Dataset excerpts
•••••
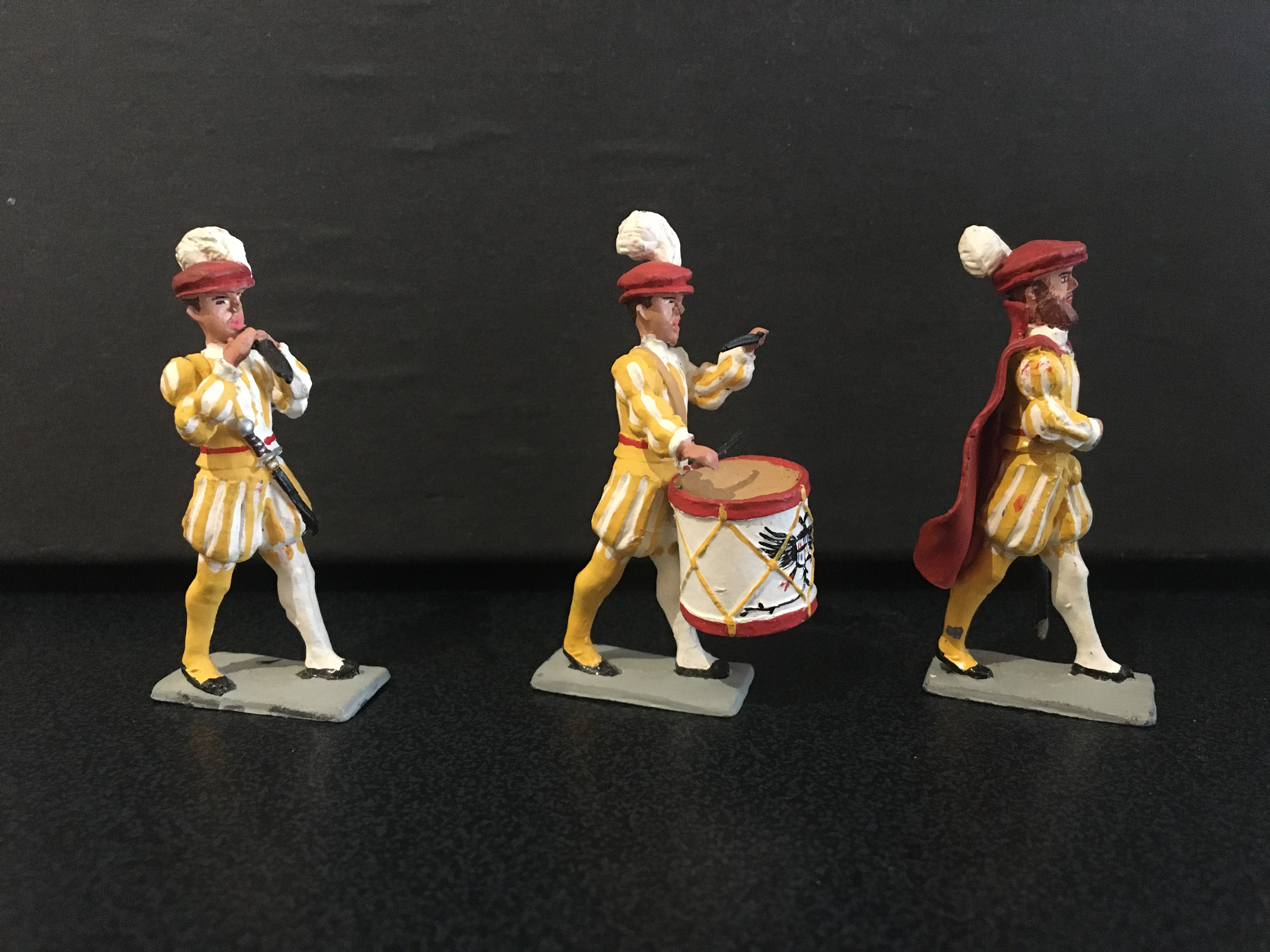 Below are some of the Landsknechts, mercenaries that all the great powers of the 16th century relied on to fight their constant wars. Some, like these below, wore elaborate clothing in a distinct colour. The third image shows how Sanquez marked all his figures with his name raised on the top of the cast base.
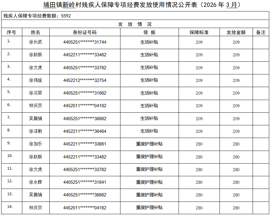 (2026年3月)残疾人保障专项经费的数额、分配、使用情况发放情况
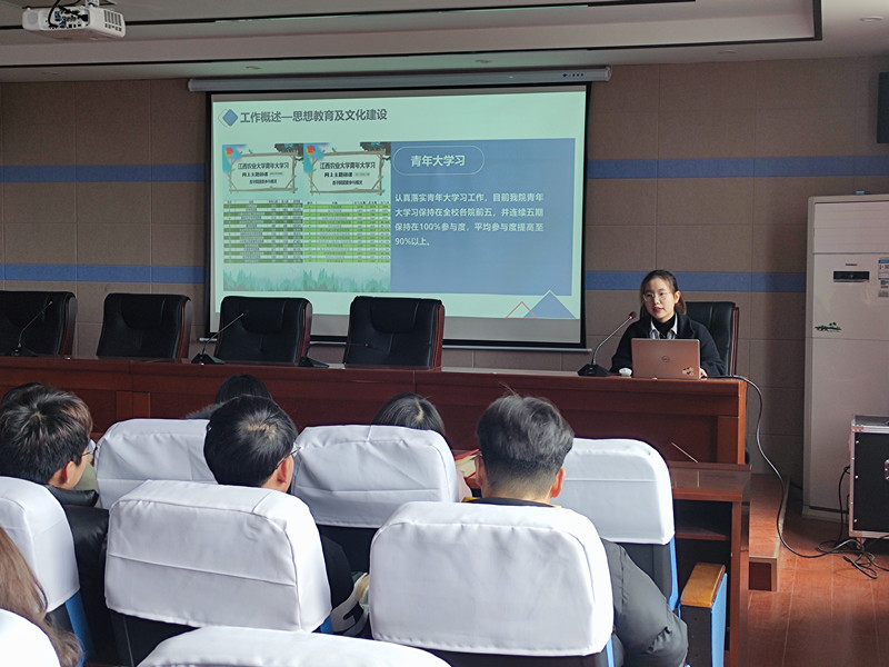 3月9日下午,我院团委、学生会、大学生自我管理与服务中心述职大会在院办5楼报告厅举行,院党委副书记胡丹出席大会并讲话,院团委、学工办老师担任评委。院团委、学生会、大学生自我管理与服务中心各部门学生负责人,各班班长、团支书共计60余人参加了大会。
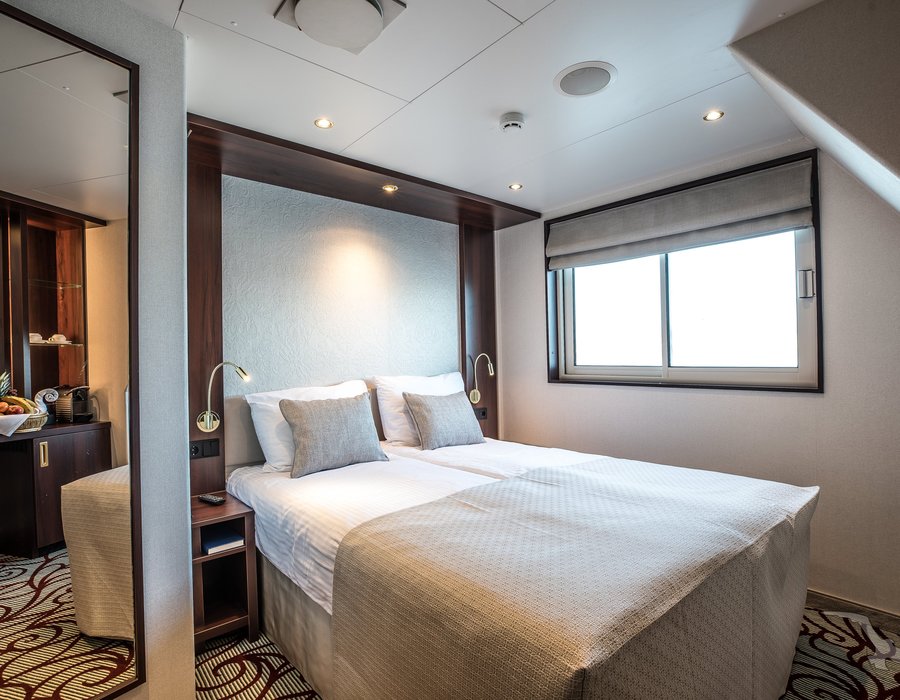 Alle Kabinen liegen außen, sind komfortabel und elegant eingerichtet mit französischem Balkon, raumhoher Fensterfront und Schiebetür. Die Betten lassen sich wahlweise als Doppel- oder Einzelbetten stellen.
•••••
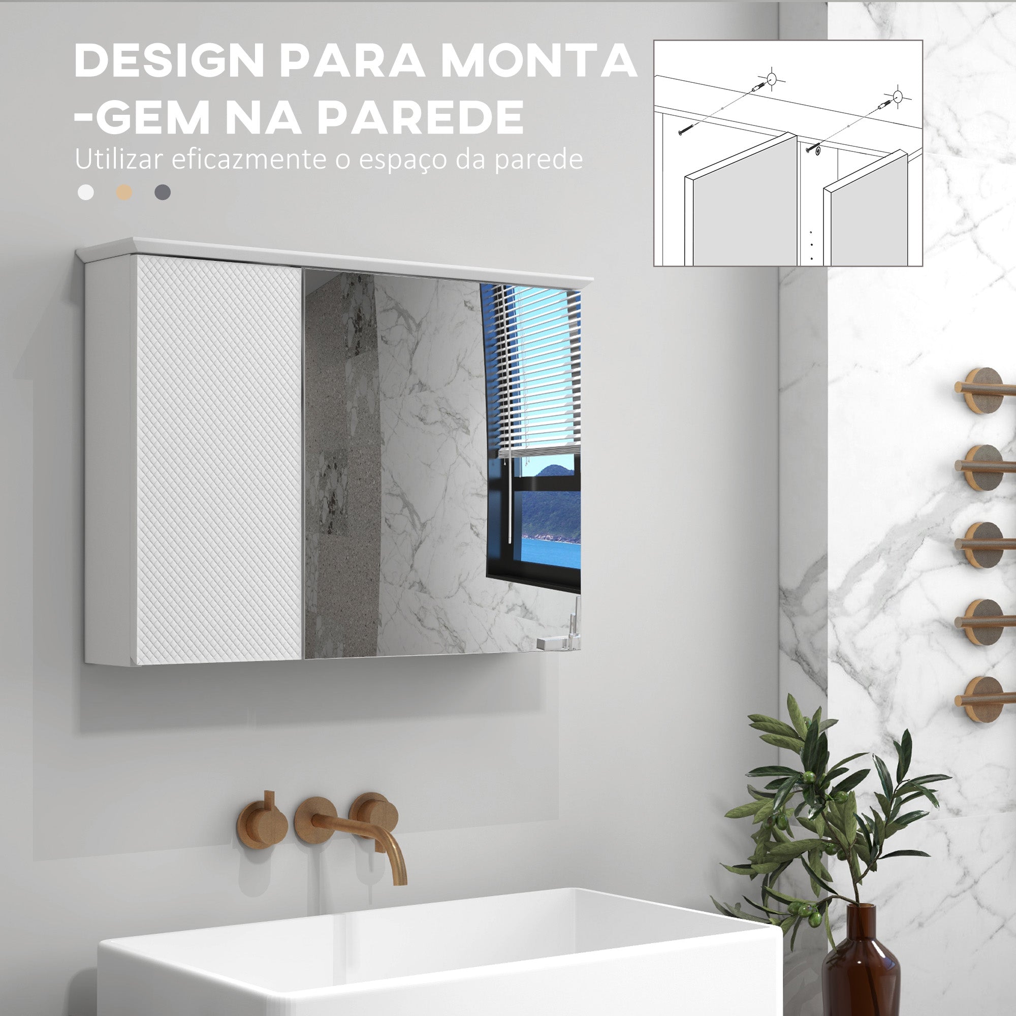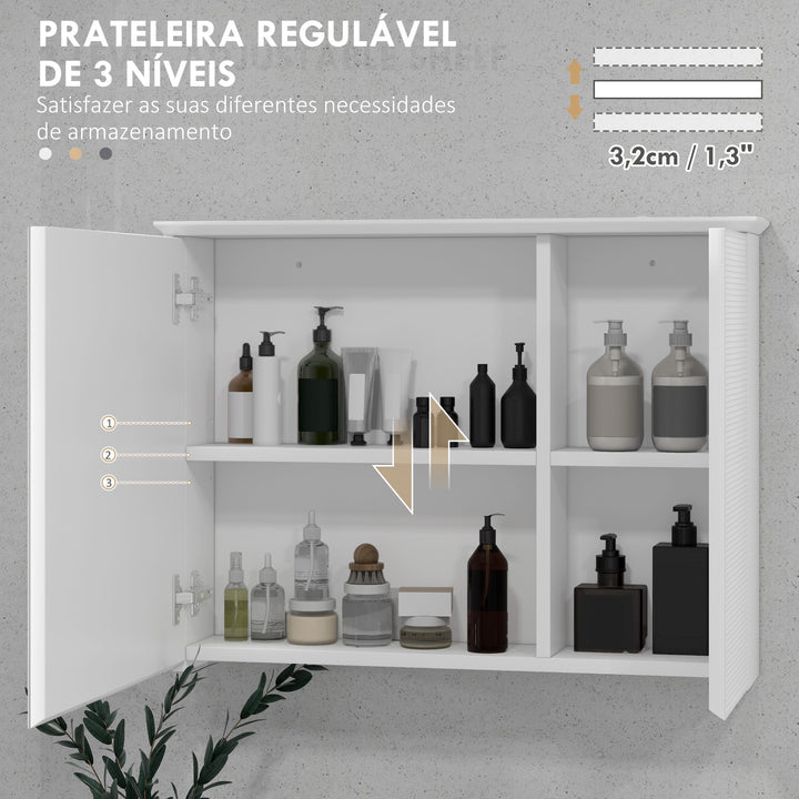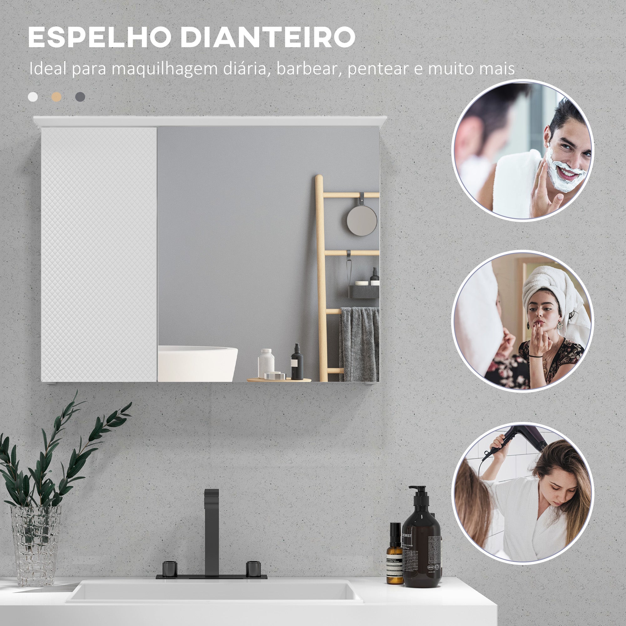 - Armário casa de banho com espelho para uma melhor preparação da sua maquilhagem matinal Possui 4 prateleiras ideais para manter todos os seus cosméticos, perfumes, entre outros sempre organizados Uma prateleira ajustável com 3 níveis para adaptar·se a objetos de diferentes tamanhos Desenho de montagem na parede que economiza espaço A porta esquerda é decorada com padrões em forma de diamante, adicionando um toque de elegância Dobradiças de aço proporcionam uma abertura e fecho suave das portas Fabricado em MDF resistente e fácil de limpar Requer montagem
•••••
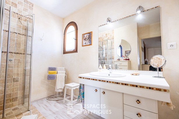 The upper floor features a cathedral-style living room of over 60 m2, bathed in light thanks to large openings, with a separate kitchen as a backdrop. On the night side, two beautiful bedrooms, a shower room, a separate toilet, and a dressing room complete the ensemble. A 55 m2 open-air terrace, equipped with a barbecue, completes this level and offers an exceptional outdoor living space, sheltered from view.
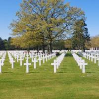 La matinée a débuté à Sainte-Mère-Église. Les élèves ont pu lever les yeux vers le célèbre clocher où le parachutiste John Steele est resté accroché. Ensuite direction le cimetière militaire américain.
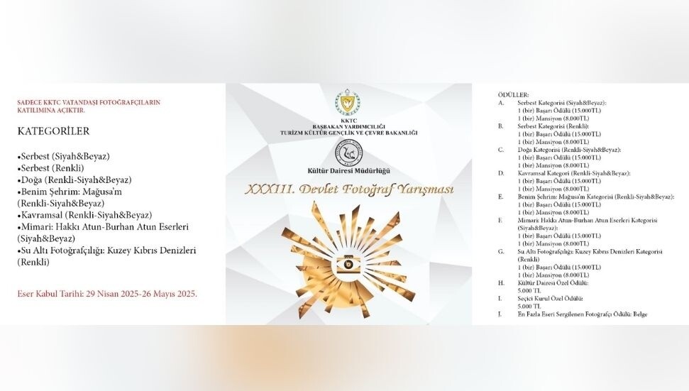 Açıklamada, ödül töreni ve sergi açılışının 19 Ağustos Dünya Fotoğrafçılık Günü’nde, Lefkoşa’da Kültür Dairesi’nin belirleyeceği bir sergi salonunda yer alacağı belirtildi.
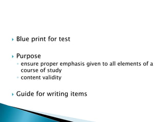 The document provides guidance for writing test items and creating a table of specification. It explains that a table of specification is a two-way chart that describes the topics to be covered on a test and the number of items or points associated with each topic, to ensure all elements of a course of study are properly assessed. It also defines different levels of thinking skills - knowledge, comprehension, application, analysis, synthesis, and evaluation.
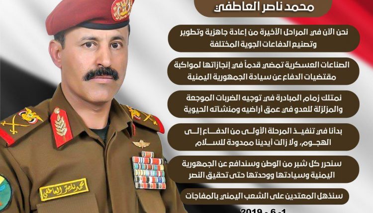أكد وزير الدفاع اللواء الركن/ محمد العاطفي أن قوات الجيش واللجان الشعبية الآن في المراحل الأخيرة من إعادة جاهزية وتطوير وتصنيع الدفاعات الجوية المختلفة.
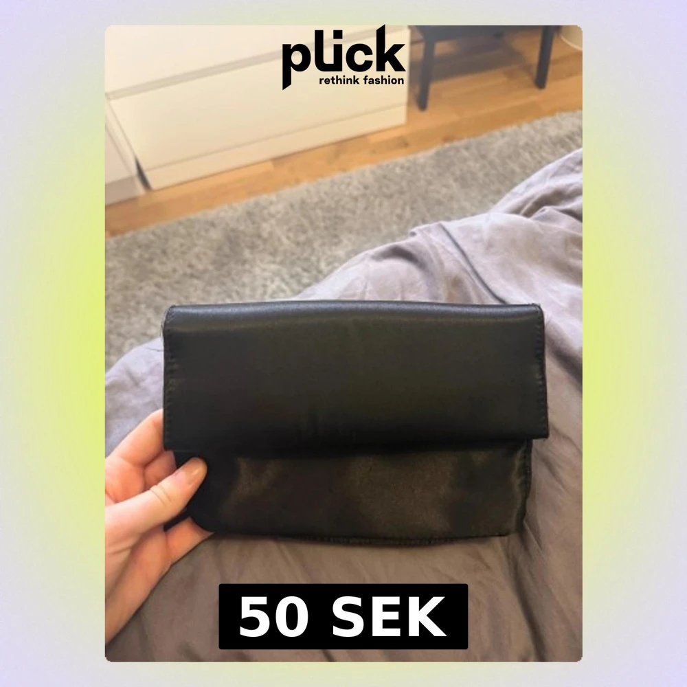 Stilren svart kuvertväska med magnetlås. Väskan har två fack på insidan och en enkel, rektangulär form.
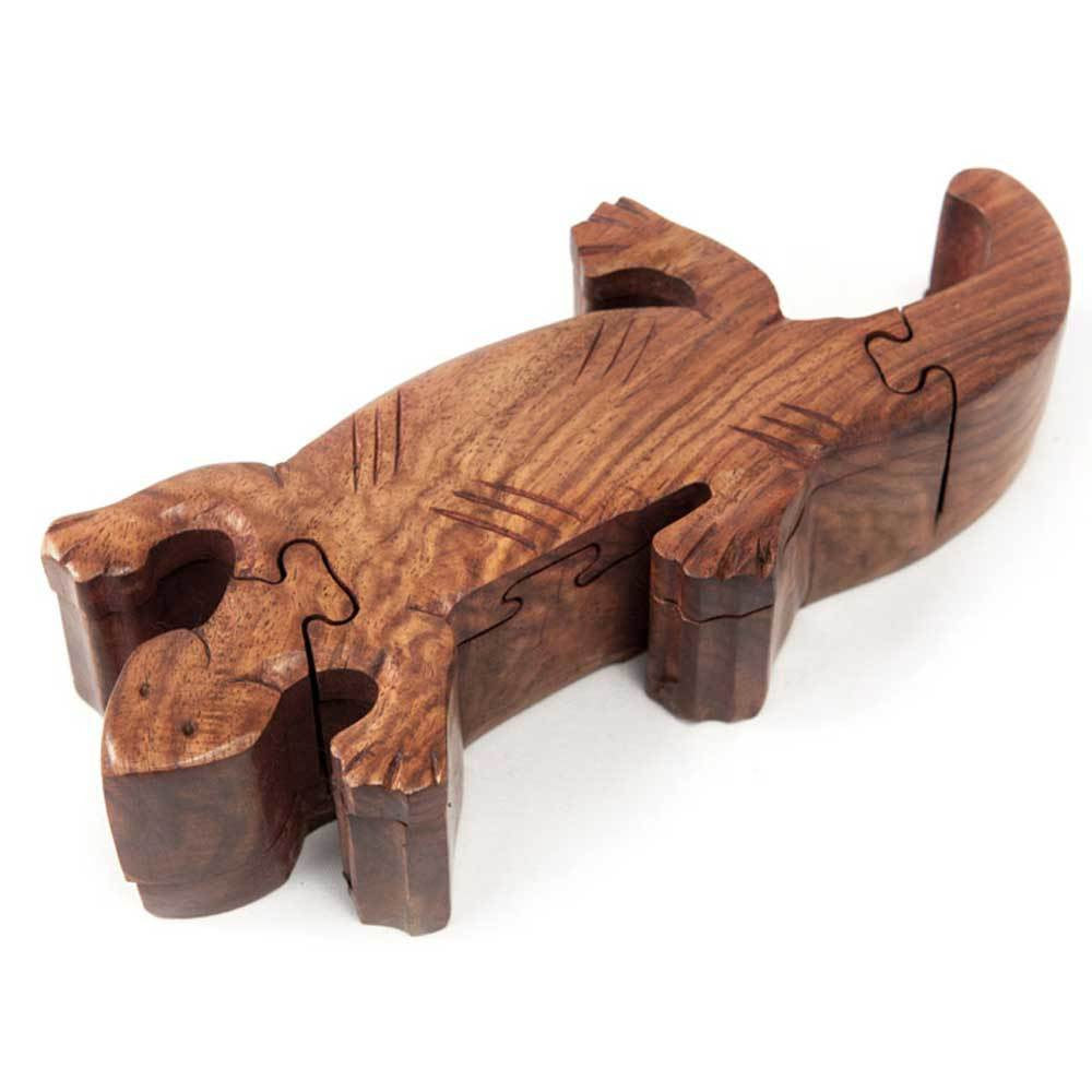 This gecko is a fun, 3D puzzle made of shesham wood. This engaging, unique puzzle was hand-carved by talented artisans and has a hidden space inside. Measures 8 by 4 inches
•••••
Problem description
If a picture sits between the line containing "أكد وزير الدفاع" and the line containing "This gecko is", leave it out, and return the lines of that range above exactly, both ends included.

Task output
أكد وزير الدفاع اللواء الركن/ محمد العاطفي أن قوات الجيش واللجان الشعبية الآن في المراحل الأخيرة من إعادة جاهزية وتطوير وتصنيع الدفاعات الجوية المختلفة.
 Stilren svart kuvertväska med magnetlås. Väskan har två fack på insidan och en enkel, rektangulär form.
 This gecko is a fun, 3D puzzle made of shesham wood. This engaging, unique puzzle was hand-carved by talented artisans and has a hidden space inside. Measures 8 by 4 inches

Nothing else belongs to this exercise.